Gilles Moec Macrocast: Plotting a Skip

KEY POINTS
Gilles Moec shares his latest insights. The ECB has resorted to a convoluted but ultimately reassuring forward guidance. Meanwhile, the SNB expressed its reluctance to return to negative rates: the familiar ghost of unconventional policy is haunting Europe again.
The Fed will likely telegraph a slower pace of cuts next year with a new dot plot.
We look again at parliamentary arithmetic in France now that a new PM has been appointed.

Forward guidance is very much the central banks’ main issue as the year is drawing to a close. The ECB provided some, breaking away from a pure “data dependent” mantra, but in a convoluted way: the ECB no longer thinks monetary policy will need to remain “sufficiently restrictive” to bring inflation back to target, but considers that even after last week’s cut, monetary policy is still restrictive; ergo, more cuts are in the pipeline. Christine Lagarde mentioned a range for the neutral rate (1.75% to 2.50%), lower than the estimate provided by Isabel Schnabel the week before. For our part, we think the ECB will ultimately have to go into properly accommodative territory, below the market’s current pricing, at 1.5%, in 2H 2025. The SNB surprised the market with a 50bp cut, but their language expressed a reluctance to go back into negative territory if more is needed – which is highly likely.
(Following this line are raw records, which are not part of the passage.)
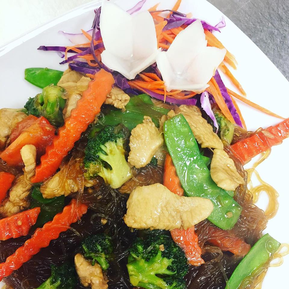 (chicken, pork, beef, shrimp or tofu) Stir-fried glass noodle with onions, scallions, broccoli, snow peas, tomatoes and carrots with thick soy sauce.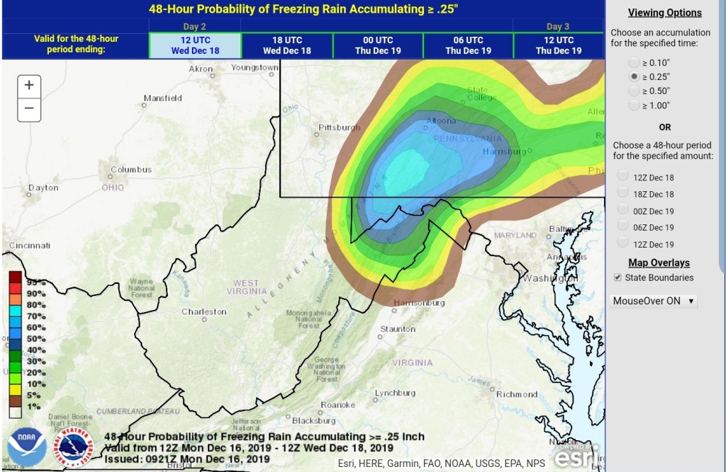 By later today into the overnight, temps along the Allegheny Front, into central Garrett and points east, northeast look to drop 2-3°, from daytime maxes today that may briefly eek above freezing. At this time, precipitation is on the increase. The most significant icing may occur in the hours of 4pm to 4am in these areas. Especially the higher east facing ridges. This could be significant icing in those areas. Ice will occur outside of this zone, this is circled for greatest impact zone.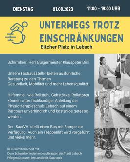 Gemeinsam mit dem Schwerbehindertenbeauftragten Pascal Borr und dem Pflegestützpunkt im Landkreis Saarlouis veranstaltet die Stadt Lebach (Sachgebiet Jugend, Senioren und Frauen) einen Mobilitätstag unter dem Motto „Unterwegs trotz Einschränkungen“.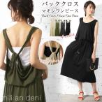 レディース ワンピース 膝丈 バッククロス マキシ ロング ノースリーブ (郵3) ポイント消化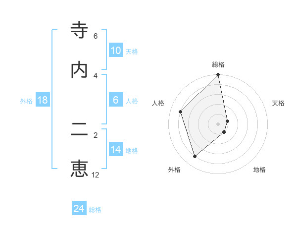 寺内 二恵さんを姓名の画数から五運を鑑定
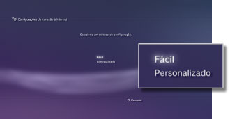 Selecione o método de conexão do sistema com a Internet. Ao fazer uma conexão com fio utilizando um cabo Ethernet, você pode seguir as instruções na tela para selecionar automaticamente as configurações básica.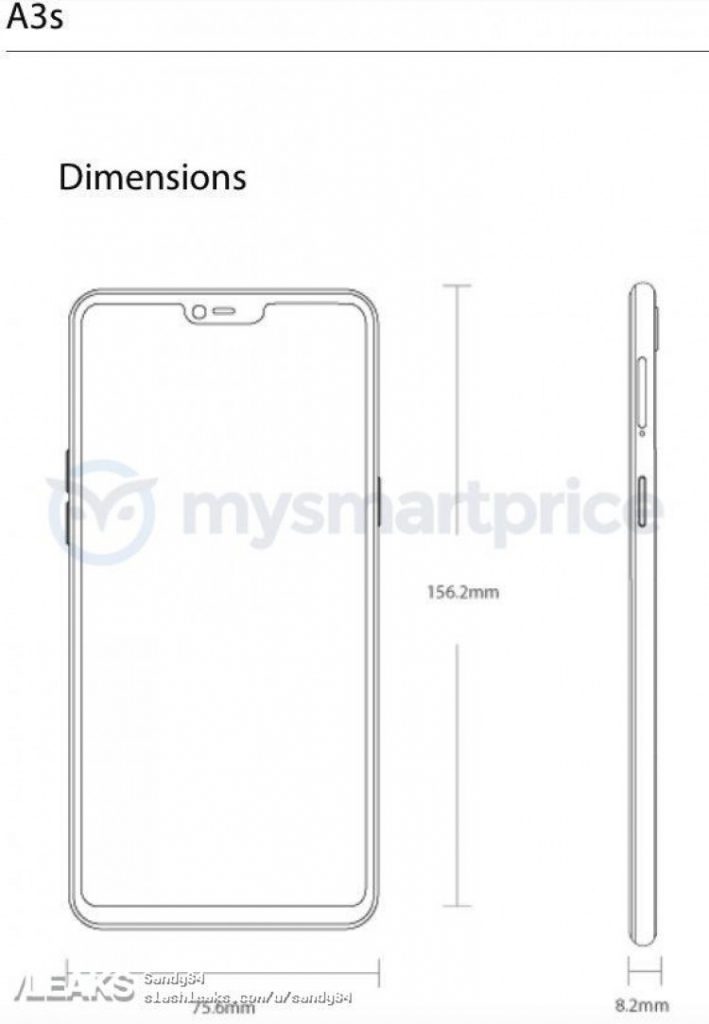 Mới đây thông số kỹ thuật và hình ảnh báo chí của OPPO A3s (bản nâng cấp của OPPO A3) đã bị rò rỉ, với màn hình "tai thỏ" và camera kép nằm ngang phía sau.
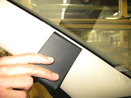 Use the enclosed alcohol pad to clean the area where the ProClip is to be installed. Peel off the adhesive tape cover on the ProClip. Hook the angled lower edge into the upper part of the air vent on the A-post.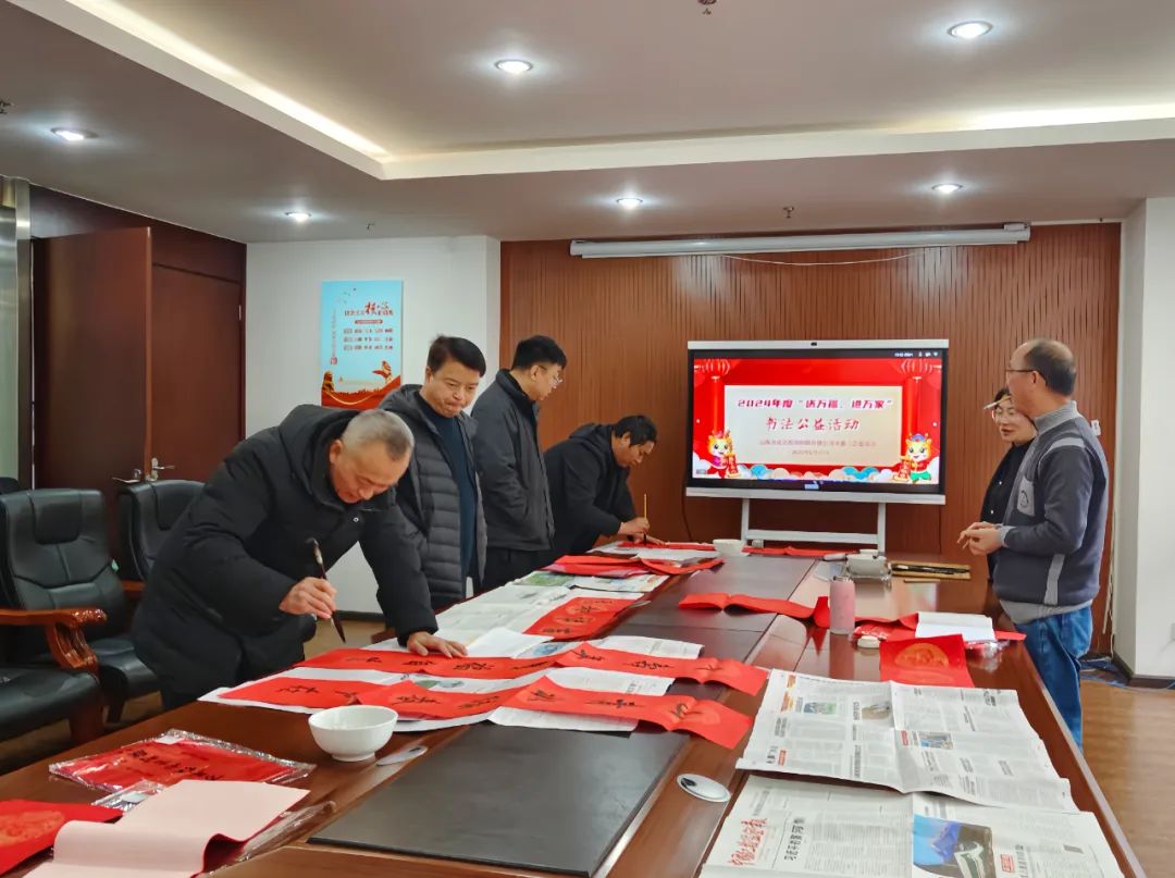 新春佳节将至,为营造欢乐喜庆、祥和文明、团结和谐的节日氛围,按照全总、省总和省国防科工会安排部署,2024年1月25日,云南省戎合投资控股有限公司本部工会在三楼会议室开展2024年春节送万福、万福进万家书法公益活动,活动邀请到孔祥贵、武旸、李博3位书法名师为本部职工家庭写春联、送福字。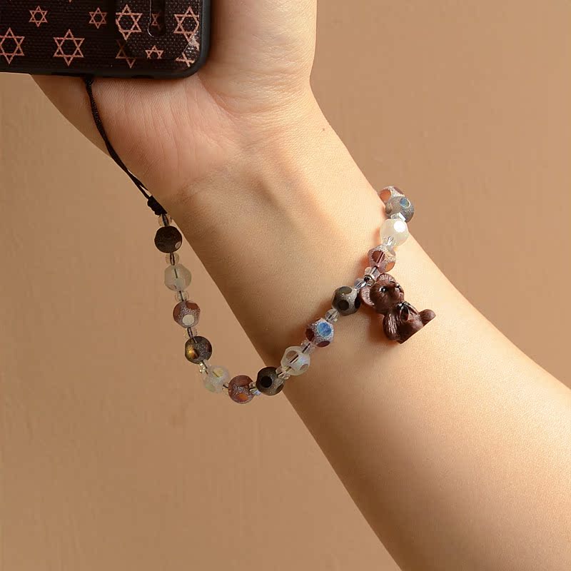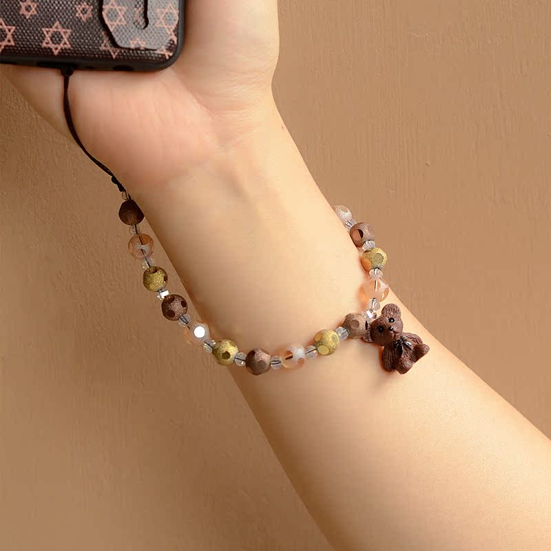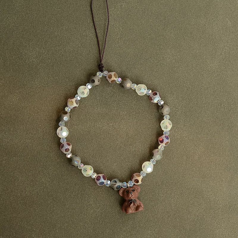 Cute bear artificial crystal mobile phone lanyard female net celebrity short key pendant pendant mobile phone lanyard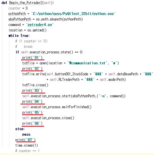 그리고 나서 pytrader4를 실행시키도록 하는데, 당연하다면 당연하게도 상위의 부모 프로세스에서 실행을 시켜 주도록 합니다.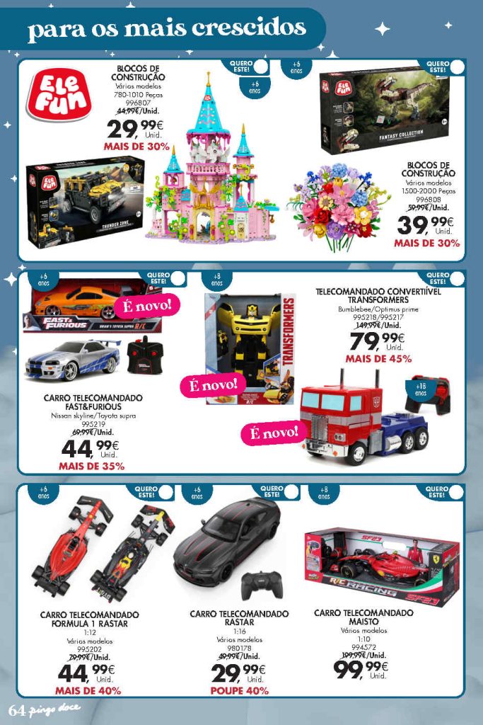 Brinquedos para todos os gostos. Folheto Pingo Doce Brinquedos Lojas Hiper Natal 18 novembro a 5 janeiro,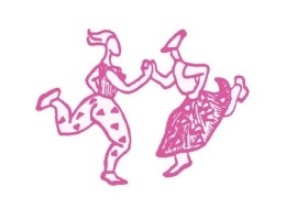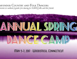 This postcard was created for the promotion of the spring dance camp, an annual event of the Lavender Country & Folk Dancers (LCFD). LCFD is an organization that promotes gender-free community dancing, with a focus on contra and English country dance. The dance weekend is held at a YMCA camp in Woodstock, Connecticut. FUN…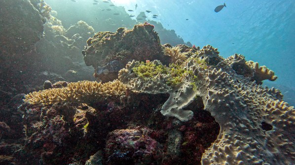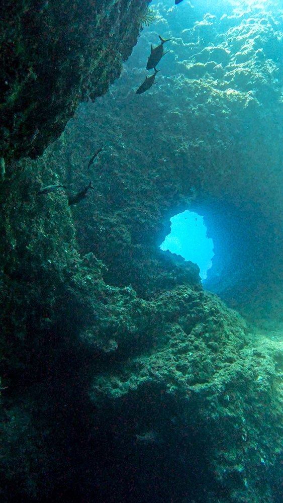 We explored the cavern for about half of the dive, then reemerged onto the reef. Visibility was indeed greatly improved from the previous day. The reef itself looked vibrant, and the colors of the reef fish seemed much brighter as well. We swam along a wall that was covered in lush coral that glowed from the backlight of the sun filtering through the water.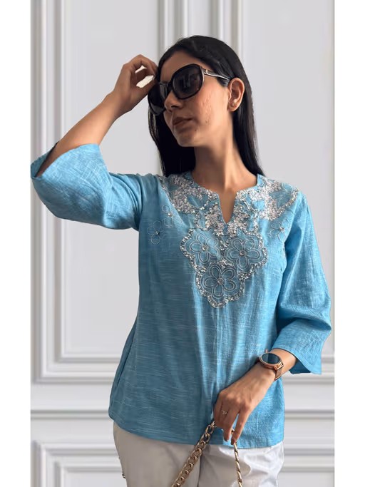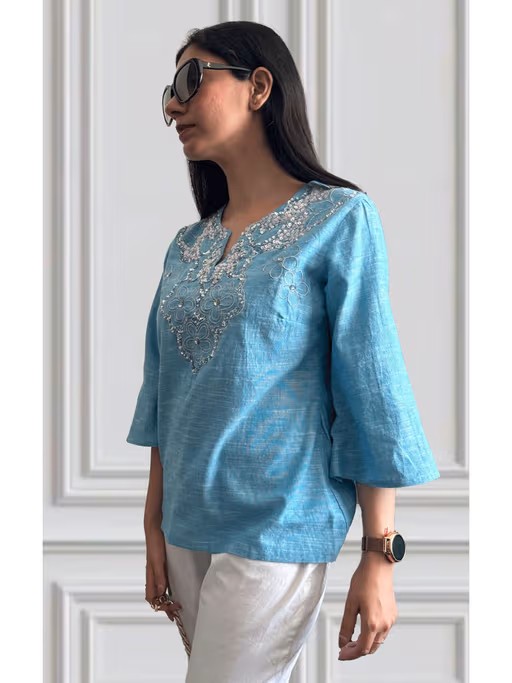 Blue Cotton Slub Embroidered Tunic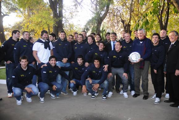 Los 24 jugadores y el cuerpo técnico fueron saludados personalmente por el gobernador, quien luego les contó la historia y el porqué de las dimensiones de la sala Rodolfo Colombo, donde los recibió. Luego los referentes de Los Pumas, el capitán Felipe Contepomi y el entrenador Santiago Phelan, tomaron la posta en representación del grupo.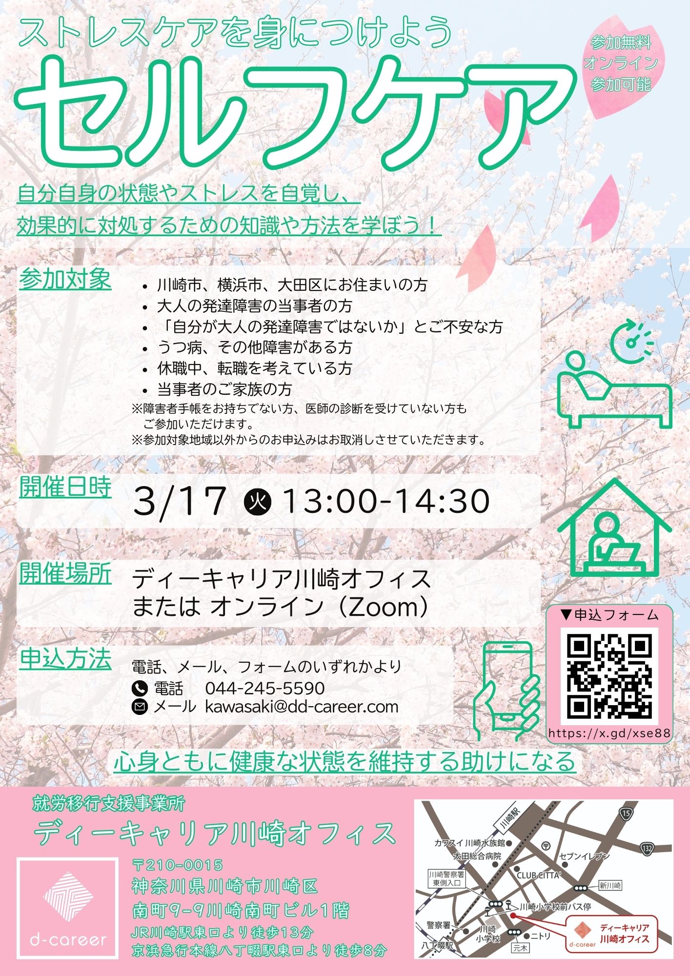 【ディーキャリア川崎オフィス】03月17日(火)「<地域限定:川崎市、横浜市、大田区にお住まいの方対象>ストレスケアを身に付けよう!セルフケア」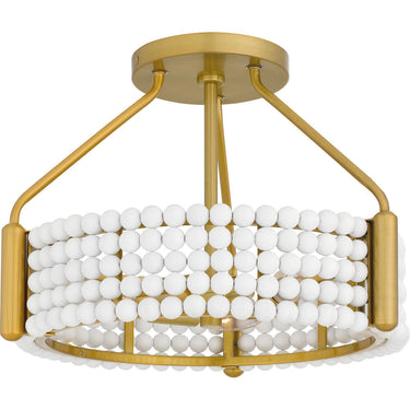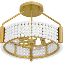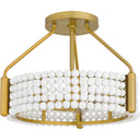 Molly combines a brushed gold finish with matte white beads for a pretty contrast. The white beads form an elevated version of a classic drum shade, adding a touch of coastal style to the simple design. Available as a semi-flush mount or chandelier, Molly adds one-of-a-kind style to any space.

Given the specific situation of Switzerland, a return of substantial FX intervention is lurking. 

This week, it will be the Fed’s turn. Rather than the widely expected 25bp cut, focus will be on the new “dot plot”. We think the Fed will point to a slower pace of return to neutral, beyond the “one cut per quarter” implied by the September forecasts, endorsing the market view that it will “skip” at least one of those quarterly cuts (we expect only one cut in 2025, in March). How Powell discusses “Trumpnomics” is another point of focus. While the Chairman does not need to explicitly comment on Trump’s policies, he can re-use the Fed’s approach of December 2016 and point to a more expansionary fiscal policy as an input in the new forecasts, as suggested by Bill Dudley. 

France has a new Prime Minister, but the arithmetic of power has not changed. If a “pact” emerges where the government pledges to stop using the 49.3 procedure against a pledge by some parliamentary groups outside government not to support a motion of no confidence, a “proper” political agreement on the budget will be needed.